Her coming had cost It many inmates, but they were irrelevant. Their deaths had brought this glorious moment into being. Their lives had been a price It was more than willing to pay, for this was something new! Through them, and Its own manipulations of them, It had brought forth a new Goddess! In the crucible of their blood and her suffering, she had been re-born, and Tartarus could not be more proud of her! It had unleashed such horror on her, and rather than become Its creature, she had rejected all that It was. That only made her ascension all the sweeter, because in her, It had accomplished something grand. In her, It had made a true and worthy opponent. For Tartarus, any sacrifice was worth this one, perfect moment.

And it was in that ‘perfect moment’ that Twilight learned what it was to truly hate another being. It was then that she finally understood why Luna and Celestia had allowed themselves to kill.

It was also when her little pony body finally realized it wasn’t quite ready for goddesshood. Her head swam. Twilight wavered on her hooves as her heart beat itself near to death trying to keep up. The sparkling glow suffusing her mane suddenly cut out. It sparked back up, only to give in again. She looked up, and saw only a burning ring in the sky.

Time resumed. Her moment was over.

“Wait. I-I’m not…”

If Tartarus had possessed anything like lips, it might have smiled. Because, as much as it loved her, it still held a little sliver of hate for what she'd done. It would never have this new Goddess. It would never own her. And worse, she had taken from It. The bird was lost to It now. She'd severed the chain that Tartarus had spent years forging in the creature, and the loss left a tiny, aching hole in It. But there was nothing to be done for those things. Nothing but a bit of petty revenge.

Because Tartarus would be damned before it let this upstart Goddess steal from It again.

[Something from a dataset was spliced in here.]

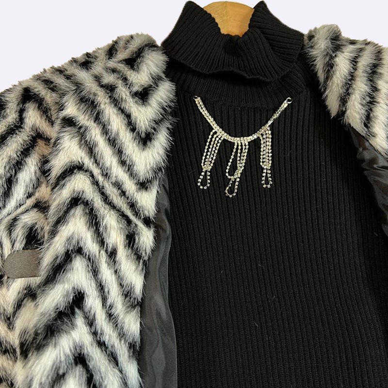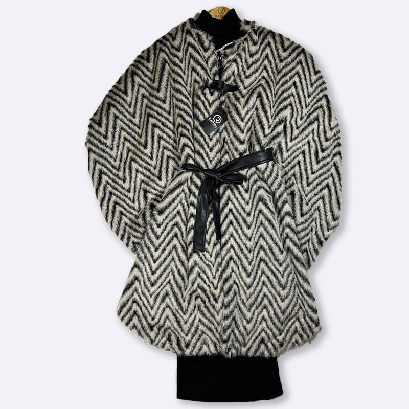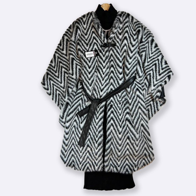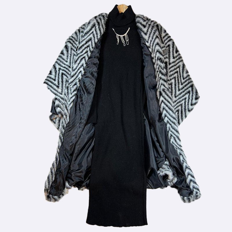 تألقي بإطلالة عصرية مع هذا الطقم الأنيق الذي يضم فستان تريكو مريح وكيب من الفرو الصناعي بنقشة الحمار الوحشي. مثالي لأيام الشتاء الباردة والمناسبات الخاصة.

The world-thing thrust a tiny tendril of Its power down into one Its least notable creatures.

Twilight was still aware enough to see, if only just barely.


She threw Insight at the chain that bound Tartarus to Its victim.

Tartarus loved her for that, for being somehow still able to even attempt resistance. It didn’t matter that she failed to cut the chain. It didn't matter that It was easily able to rebuff her, now that It knew what she could do. It was the struggle that was important. Such resolve! Such heroism! What a wonder It had made of her...

Bait fell deadweight to the ground as Tartarus took him. He staggered up as Twilight fell, unable to do anything but watch as her body finally failed her. The wight turned to look straight at her, and the last thing Twilight saw as the ground rushed up to meet her was the burning rings in his eyes.